"Неужели и те, что убили Фаню, вот так же тряслись бы?" — подумал Тышкевич.
Внешне безобидные, деревенские парни вызывали жалость и отвращение. Что их толкнуло в полицию? Жажда ириключений? Глупость? Принуждение?
— Что будем с ними делать? — спросил у Бондаренки.
Тот дожал плечами.
— Хрен их знает. У нас вот такой оголец евреев расстреливал. Знать бы хоть, чем они, эти сосунки, дышали...
Тышкевич подошел к толпе. Люди испуганно жались друг к другу.
— Обиды на полицию имеете?
Заговорили вразнобой:
— Кажется, не имеем.
— Свои хлопцы.
— А боже мой, мальчишки!
— Розог бы им...
Тышкевич, послушав разноголосые ответы, приказал часовым:
— Пустите их на все четыре... Придут наши, пускай судят. А вы смотрите, еще раз возьметесь за винтовки — плохо будет. На войне с такими не чикаются.
На краю деревни, опасливо озираясь, подошла к ним женщина, заплакала:
— Что ж, детки мои, вы их тут оставили? Сынков моих в неметчину отправили, а сами вот пируют.
Прусова грубо, по-мужски выругалась:
— Все либеральничаем...
Уже в лесу, словно оправдываясь перед ней, Тышкевич сказал, ни к кому не обращаясь:
— Если бы они хоть сопротивлялись... Не мог я, не мог... Это уж не война, а убийство,— и стал хватать пригоршнями снег.
На душе было горько: жалеешь одного, чтобы причинить боль другому.
В лесу их догнали три парня. Тышкевичу показалось, что он их видел в деревне, когда собралась толпа.
— Куда вы? — удивился Тышкевич.
— С вами,— ответил за всех самый бойкий.
— Нечего примазываться,— оборвала его Прусова.
Но Бондаренко заступился за парней:
— Пусть идут. В Красную Армию поступят.
Тышкевич согласился.
...Дорога вела через лес. Тут в чаще, укрытой от ветра, не мело. Только сыпалась с деревьев колючая снежная пыль, присыпая дорогу изморозью.
Где-то за рекою шел бой. Канонада то приближалась, то отдалялась. Тышкевич приказал идти по лесу. На дороге можно было встретить немцев. Опять увязали в снегу. Усталость и безразличие ко всему сковали людей. Хотелось прилечь прямо на снег и лежать, покуда не придут сюда наши.
В сумерках показалась лесная прогалина. Деревья расступились, и глазам открылось поле, пересеченное дорогой.
Вдоль нее торчали редкие кусты, занесенные снегом.
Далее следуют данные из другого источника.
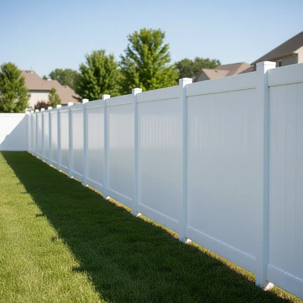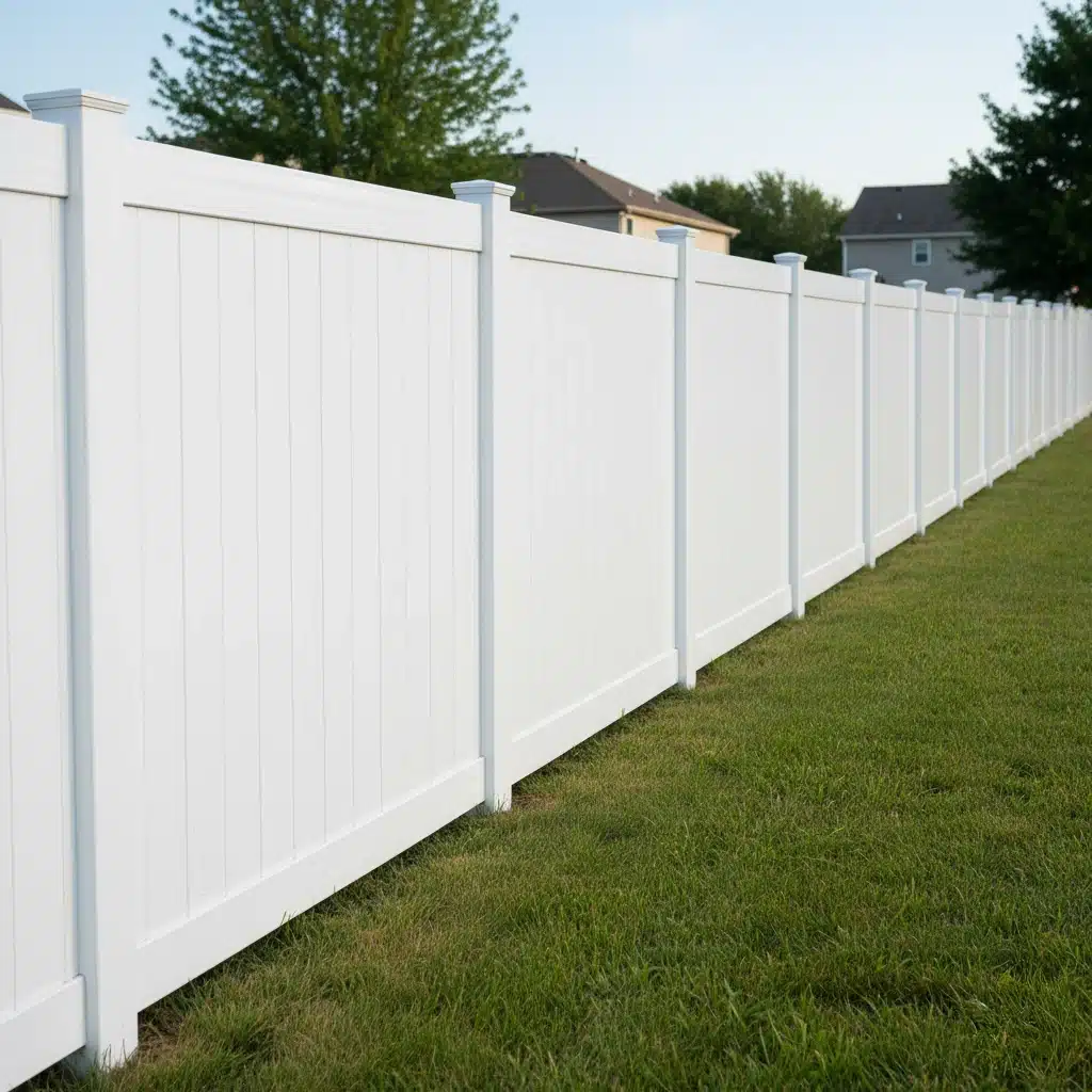 Wide view of a bright white vinyl privacy fence surrounding a clean suburban backyard with green grass and blue sky
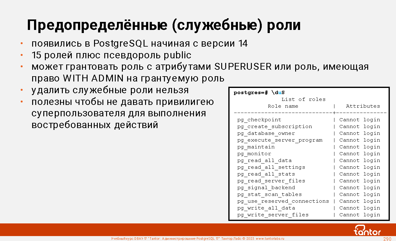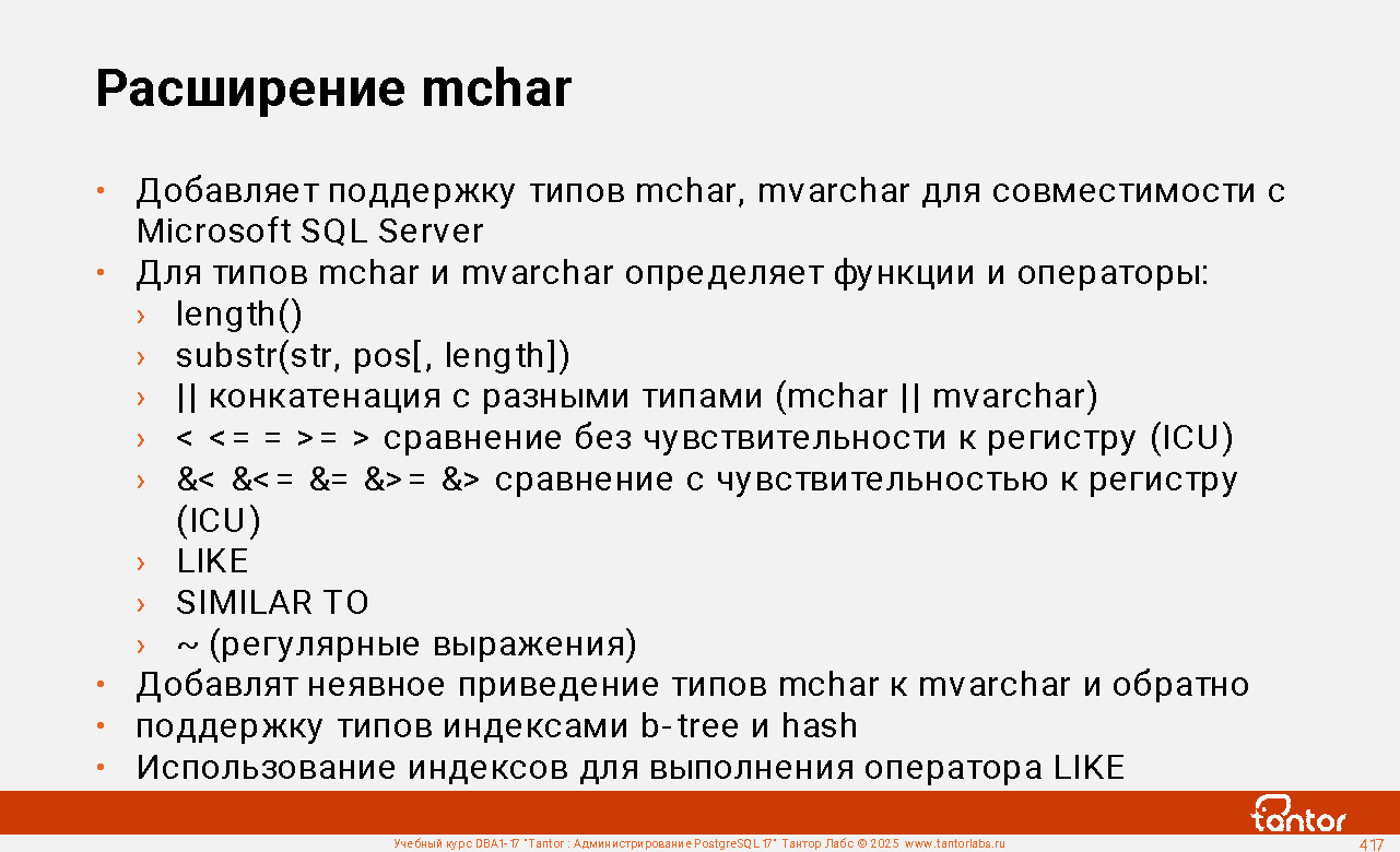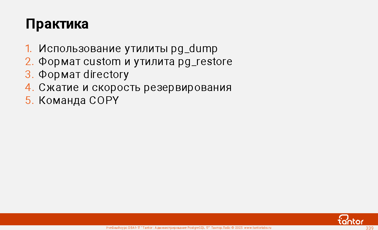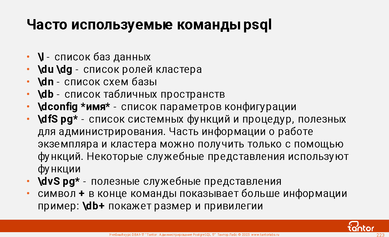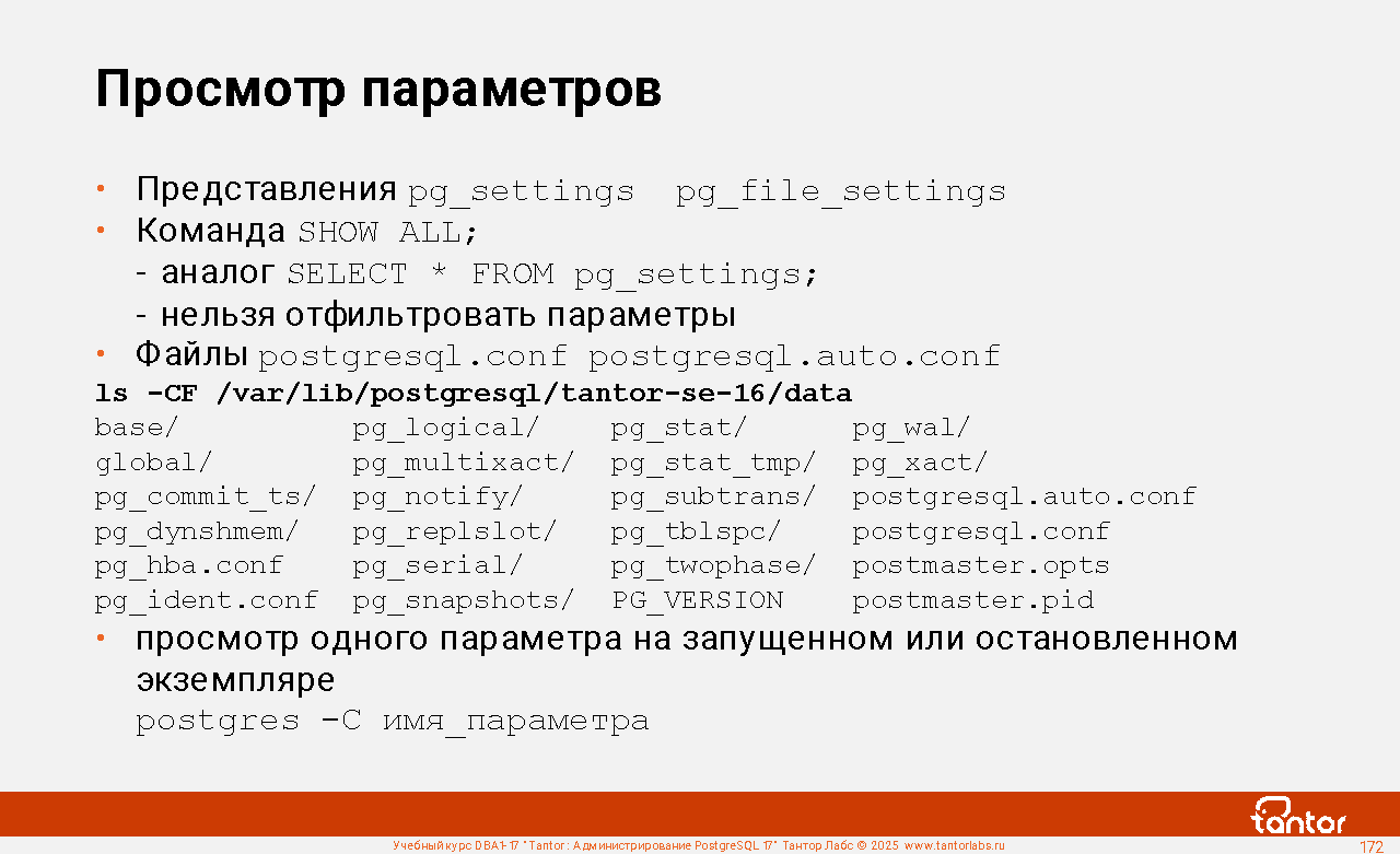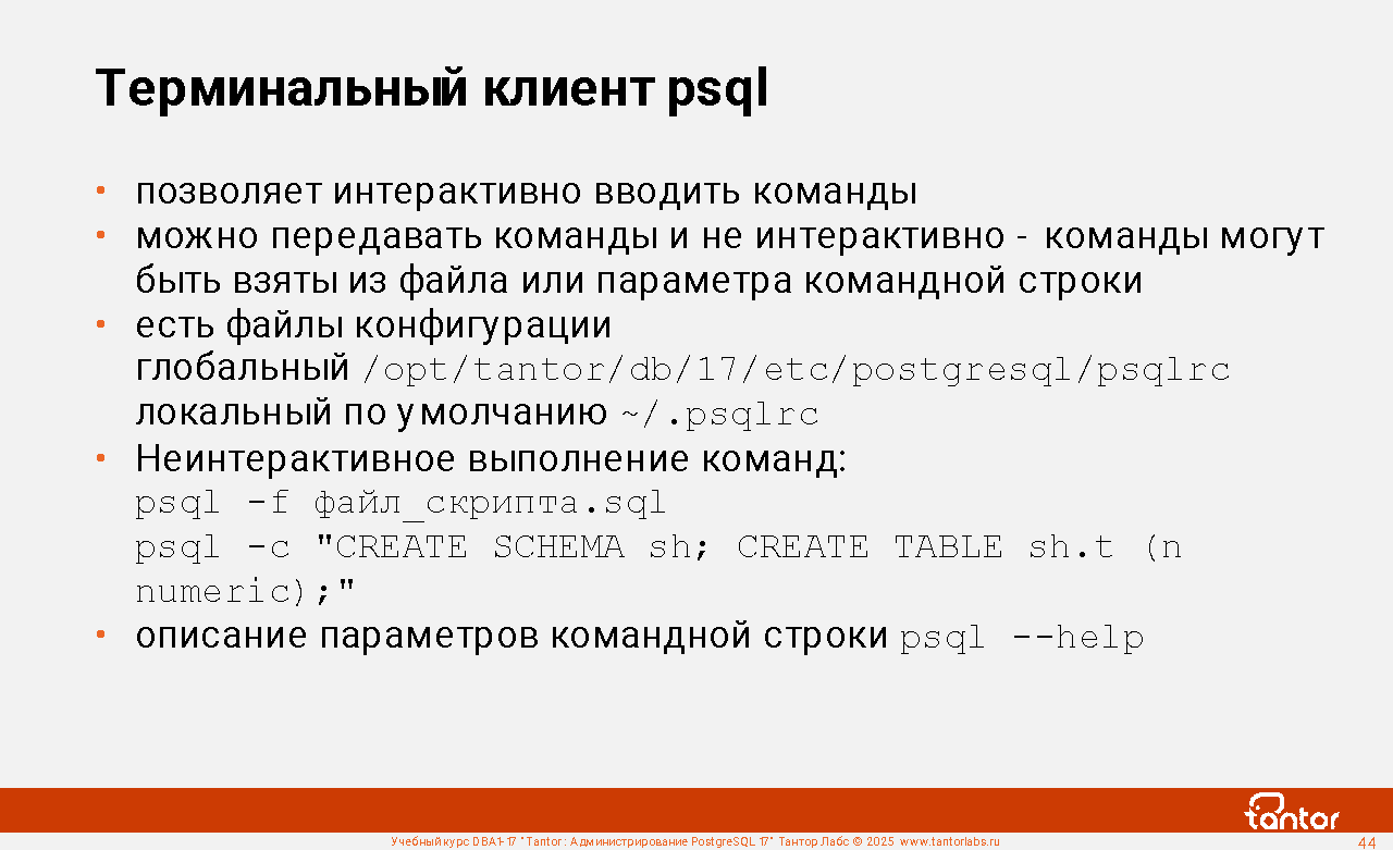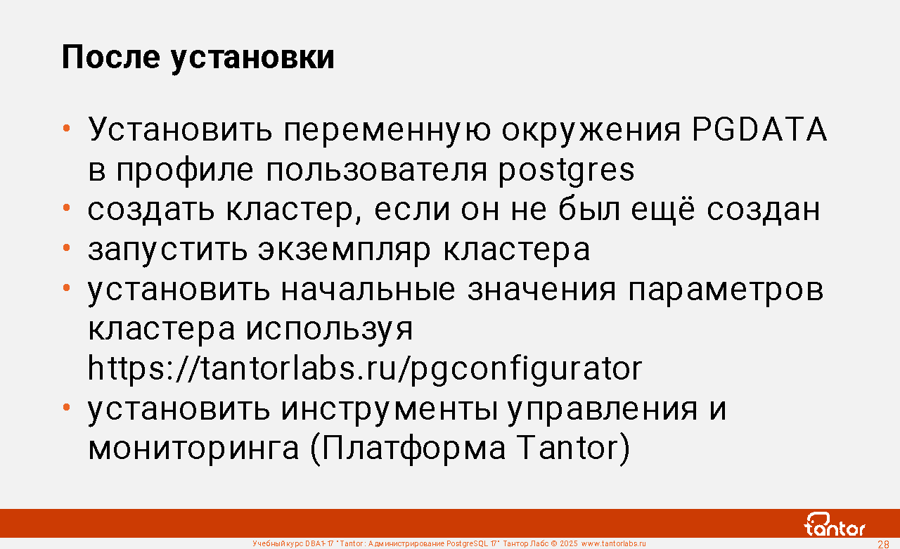В курсе будут рассмотрены основные задачи администрирования баз данных семейства PostgreSQL на примере СУБД Tantor Postgres и особенности эксплуатации СУБД Tantor Postgres.
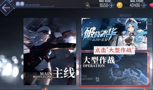 2、进入出击页面,点击右下方的大型作战。
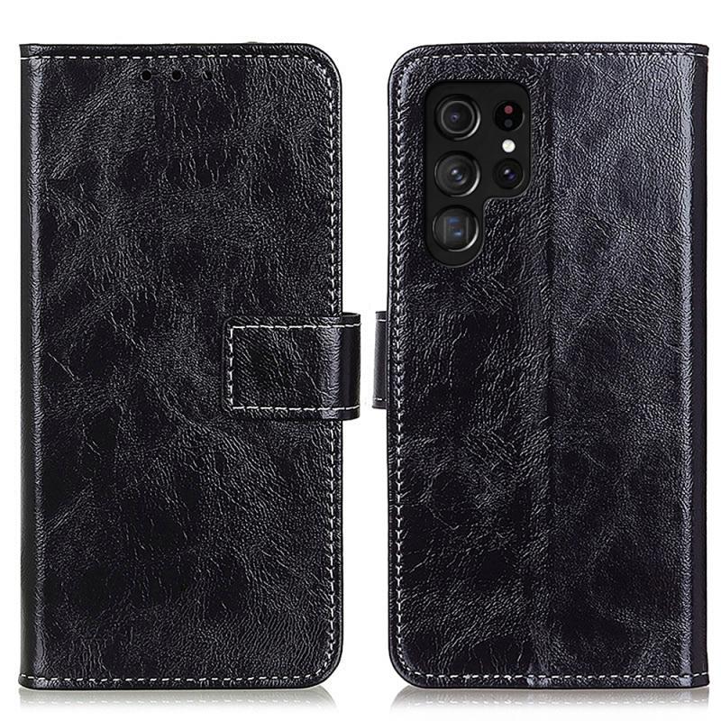 Θήκη τηλεφώνου από δέρμα Retro Crazy Horse για Samsung Galaxy S25 Ultra 5G (Μαύρο)
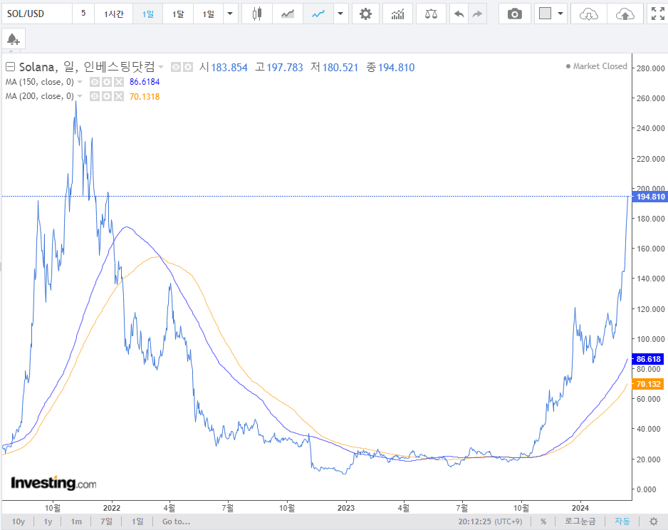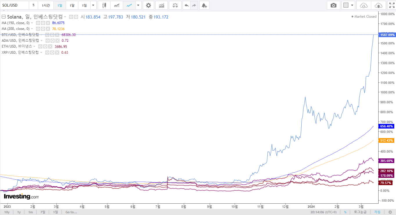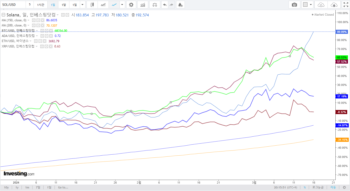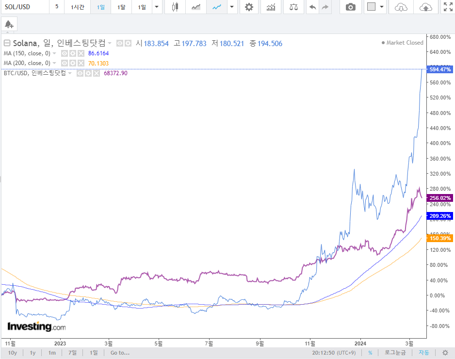 업비트에만 상장된 코인은 조금 리스크 하다 판단되어서 바이낸스에 동시상장된 코인에서 차트가 좋은 코인을 선별하였고 그중 매물벽이 없고 거래량이 양호한 친구들로 선별하였음. 솔라나 돌파매매 성공. 아비트럼은 매도. 솔라나의 성과가 BTC 대비 상대적으로 강하다. 저점에서 상대적인 성과도 굉장히 우수한 편이다. 23년부 터보 아도 24년부터 보아도 말이다. 아비트럼을 매도한 금액으로 솔라나 풀백 때 매수를 고려해 볼 예정.

Неподалеку виднелась деревенька. Присмотревшись, Тышкевич увидел людей, толпившихся у хат. Партизаны свалились в снег. Дорога через лес лишила их последних сил.
Вскоре из деревни потянулась толпа людей. Не дойдя до леса, они остановились. Тышкевич с Малаховским, прячась за елками, подошли к ним совсем близко.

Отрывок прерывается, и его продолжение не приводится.